**Assignment:** Once the line holding "时值仲春,山间草木吐翠,野花" is found in the entries below, transcribe exactly every line up to and including the one holding "Sheer silk chiffon trousers.", but leave out the pictures.

Records from a dataset
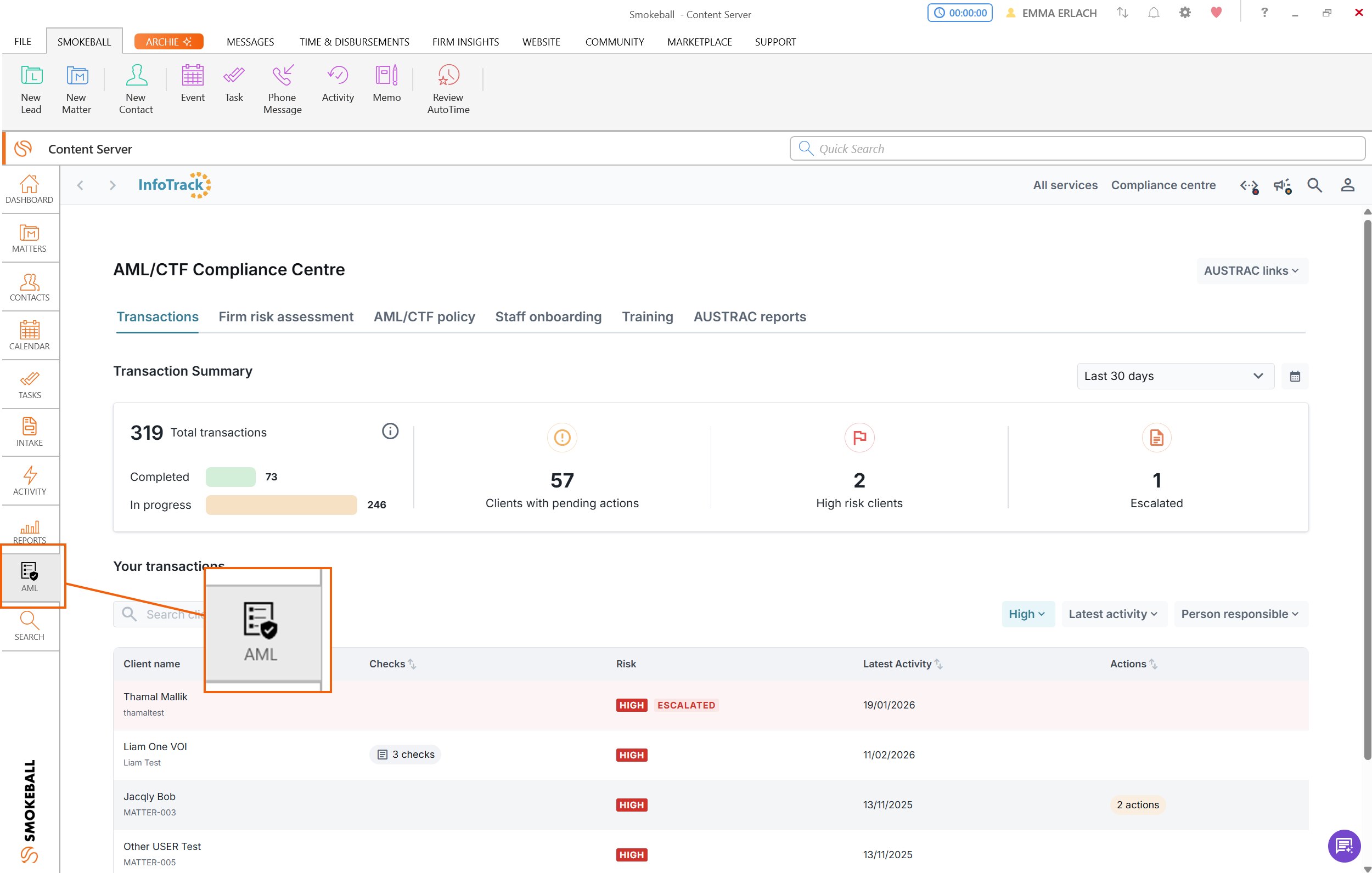 A new AML button has been added to the left-hand panel on the main Smokeball Desktop App window. This button opens the new InfoTrack Compliance Centre.
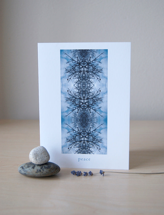 Holiday card with original photographic pattern of tree branches in winter. Hand-printed on 5 x 7 matte cardstock with envelope.
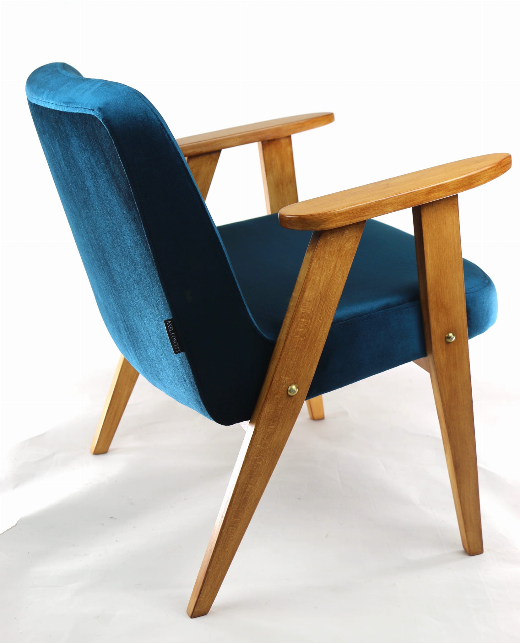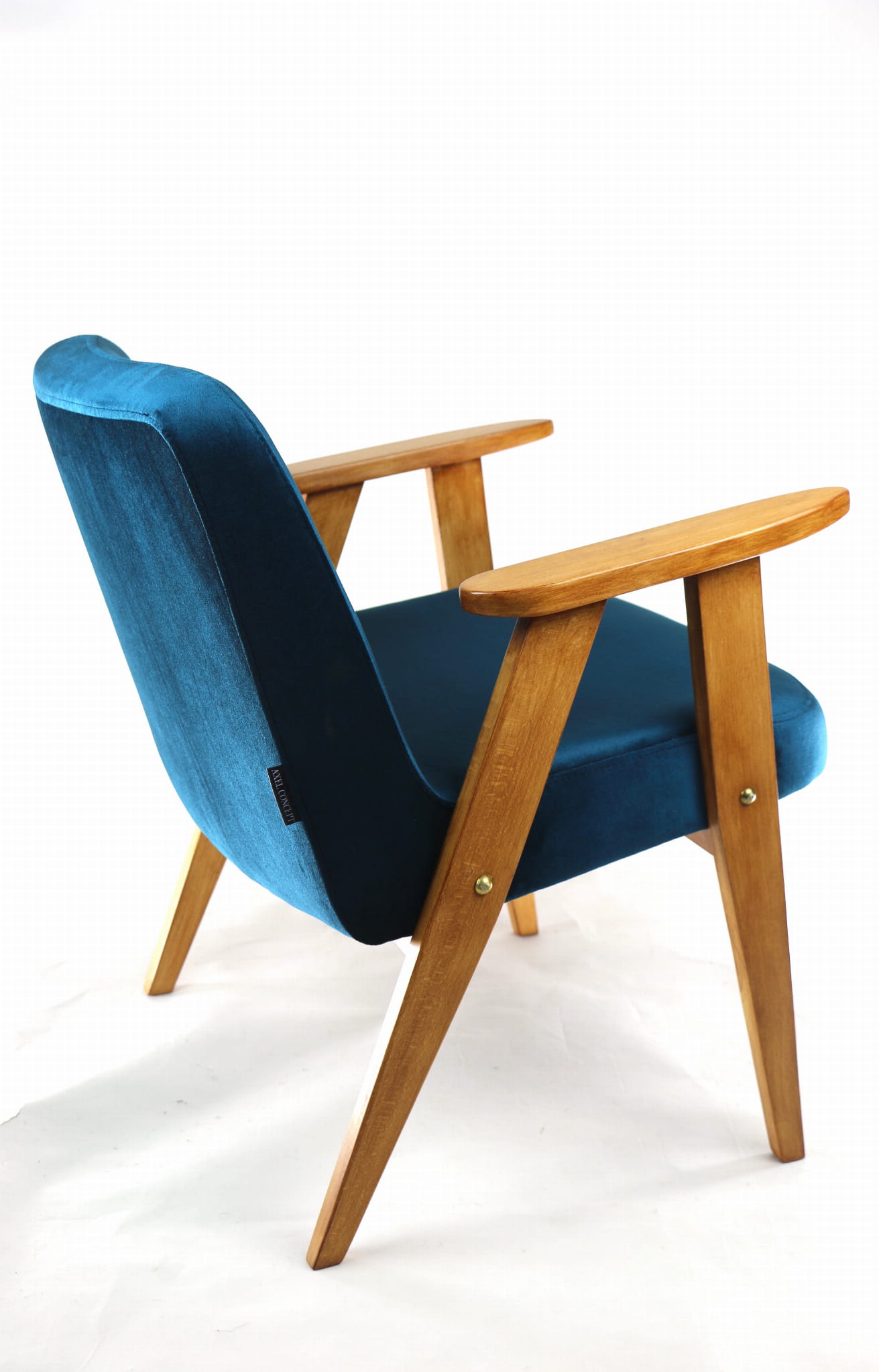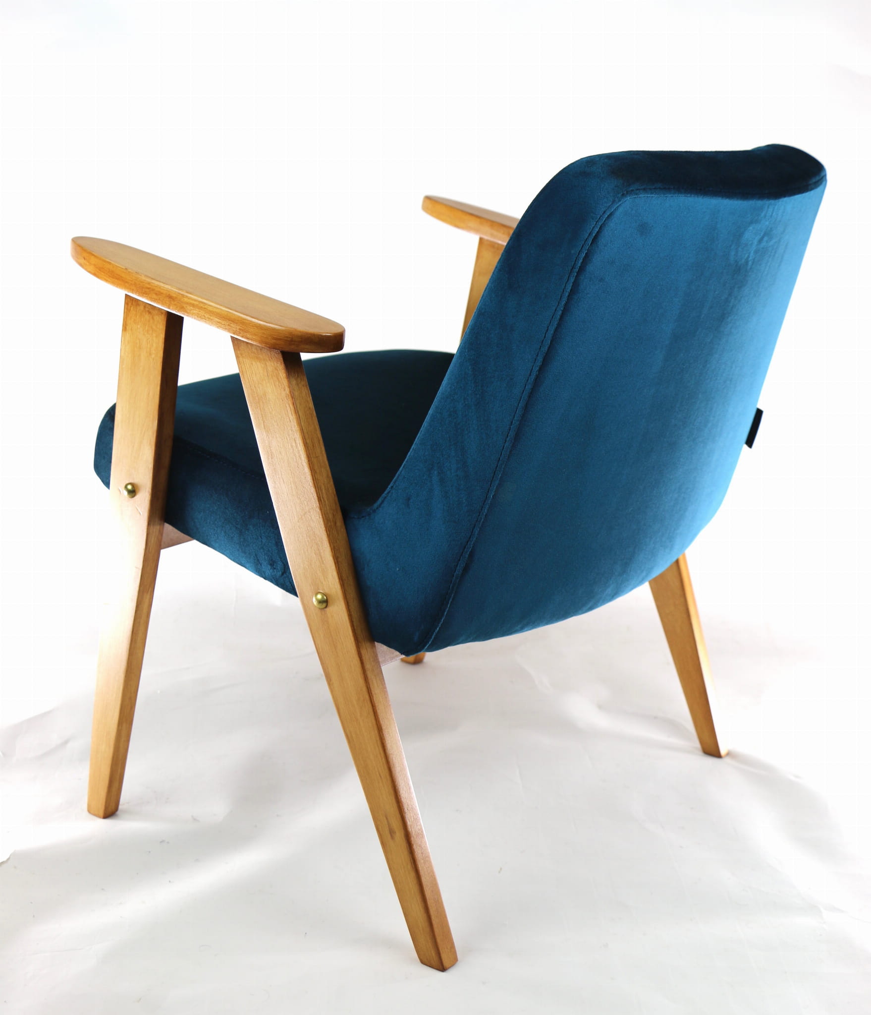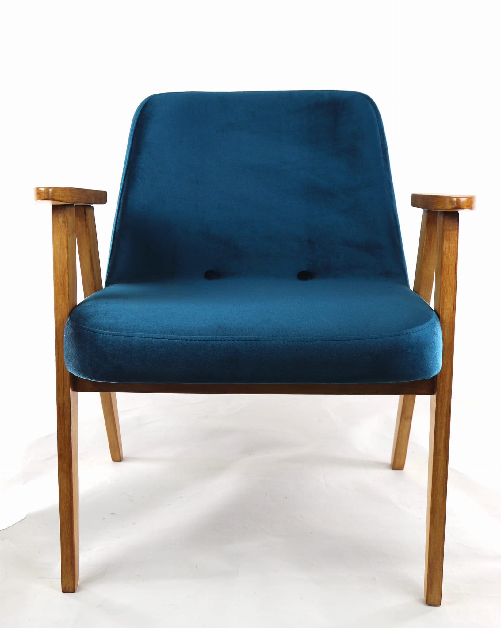 Fotel 366 Józefa Chierowskiego, odrestaurowany. Nowe obicie pokryte najwyższej jakości materiałem tapicerskim w kolorze zielonym z serii welwetów. Stelaż drewniany z podłokietnikami w kolorze palisander. Jeden z podłokietników posiada delikatne wgłębienia w drewnie, które są widoczne na zdjęciu.
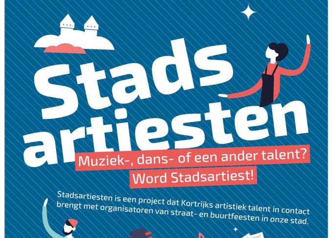 Kortrijk zoekt nieuwe lichting Stadsartiesten 2024-25. Het initiatief brengt lokaal talent in contact met de organisatoren van straat- en buurtfeesten. Die laatste krijgen de kosten (deels) terugbetaald wanneer ze een Stadsartiest boeken op hun feest.
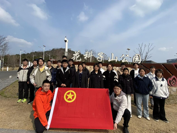 时值仲春,山间草木吐翠,野花初绽。途中,支部提前准备的“环保知识小课堂”开讲,几位团员主动分享垃圾分类常识和本地植物趣闻,让登山过程充满知识与趣味。行至半山腰,支部组织了“绿色发展”微讨论,大家结合专业所学,畅谈对“双碳”目标的理解,团员讨论气氛热烈。
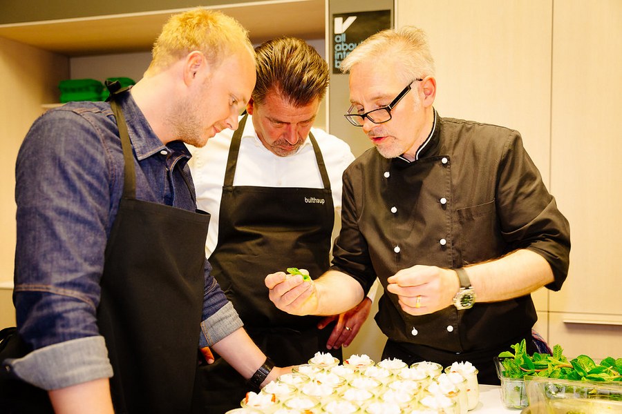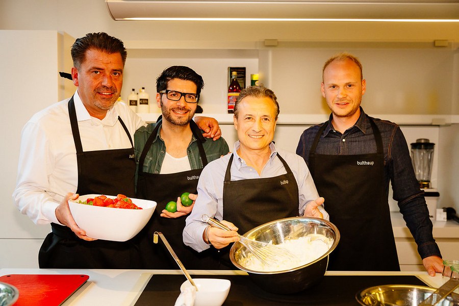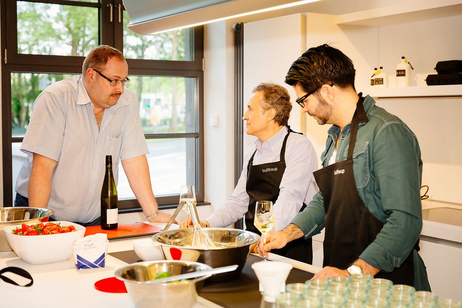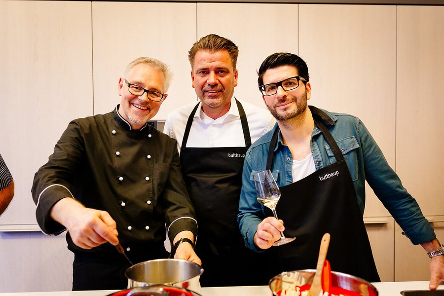 Kochevent bei bulthaup am Mediapark - Hörnig, Mimbala und Osebold kochen mit Partnern
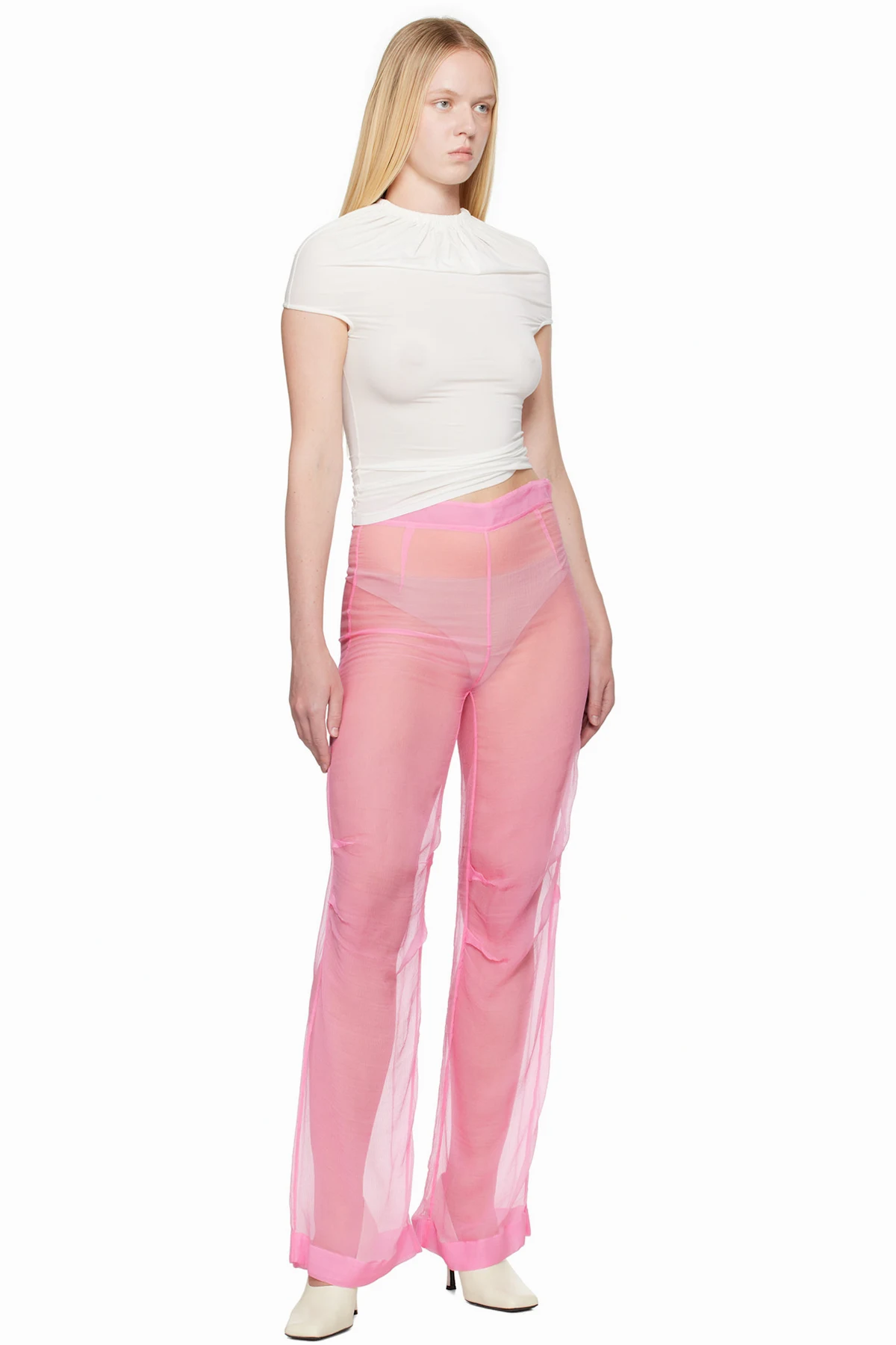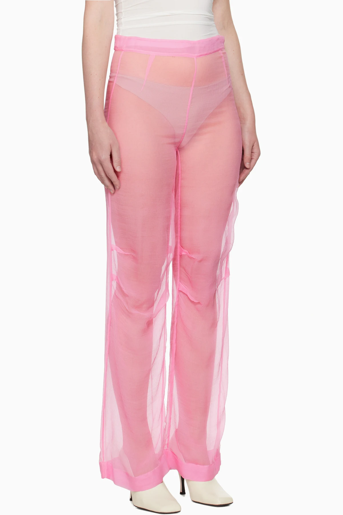 Sheer silk chiffon trousers.
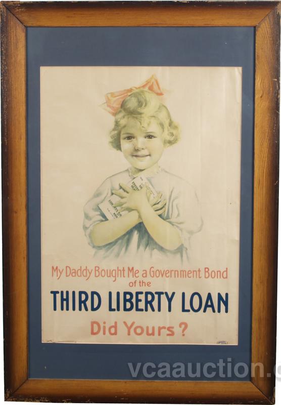 Large Third Liberty Loan Paper Lithograph Poster Advertisement "My Daddy Bought Me A Government Bond - Did Yours?" in wood frame - 27" x 40"

**Output below:**
 时值仲春,山间草木吐翠,野花初绽。途中,支部提前准备的“环保知识小课堂”开讲,几位团员主动分享垃圾分类常识和本地植物趣闻,让登山过程充满知识与趣味。行至半山腰,支部组织了“绿色发展”微讨论,大家结合专业所学,畅谈对“双碳”目标的理解,团员讨论气氛热烈。
 Kochevent bei bulthaup am Mediapark - Hörnig, Mimbala und Osebold kochen mit Partnern
 Sheer silk chiffon trousers.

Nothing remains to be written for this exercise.